Dealing with your husband cheating is like going on a roller coaster with your emotions. Things do get better with time. With that said, there is something called emotional triggers that will take place after the affair. An emotional trigger is something that brings back memories of the affair and sometimes takes you back to that place where you’re feeling pretty down. Of course the triggers are worse in the beginning, but even years after the affair, something that can happen that can trigger your emotions. I still get triggers from time to time, but because I know what they are, I can deal with it in a positive manner. Below are some common triggers after the after.
1. Events relived. I will give you a personal example. My husband changed his hours at work while he was having the affair. Not sure if he initiated the work hour change or his job, but nevertheless he worked different hours, which helped him be with her more. He went back to his normal schedule, but then told me the job said he had to change it again. That is when the trigger started. I got a pit in my stomach because it took me back to that place when I found out of the affair. Even though we are separated, that triggered my emotions because I associated his schedule change as a ‘tell-tell’ sign of the affair.

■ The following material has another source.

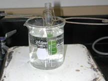 Figure 9. Heating the sample in a boiling water bath. Glass beads or boiling chips in the water will prevent "bumping" of the water. (Courtesy R. Ford)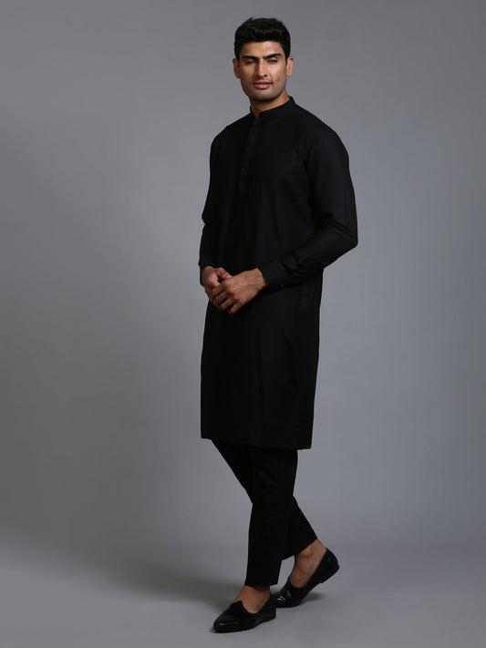VASTRAMAY Men's Black Cotton Blend Kurta and Pant Set

2. Weddings/love stories/love songs – big triggers. They sometimes can remind you of the love that you and your husband had prior to the affair, or remind you of the love you no longer have.
3. Your Husband. Your husband is probably the #1 Trigger. Sometimes just looking at him can be a reminder of the affair. This is why you have to work extra hard to save your marriage, trying to rebuild trust when you are looking at the person who betrayed you every day is very difficult.
4. Other people asking you about the marriage. When friends say ‘How are you and your husband doing?’ It could remind you of the affair and trigger some emotions.
5. Kids (if you have them). Sometimes, kids say things that just break your heart. They might (or might not) know that your husband cheated, but they might say something like ‘I really love our family and spending time together’. That could cause you to think about the future and the thought of not being a unified family anymore, which produces an emotional trigger.
After the affair, triggers will happen from time to time. Understand and recognize them, that is half the battle. Don’t let them take over your day or your life. Give yourself a set amount of time to feel it, and then release it (or at least try!).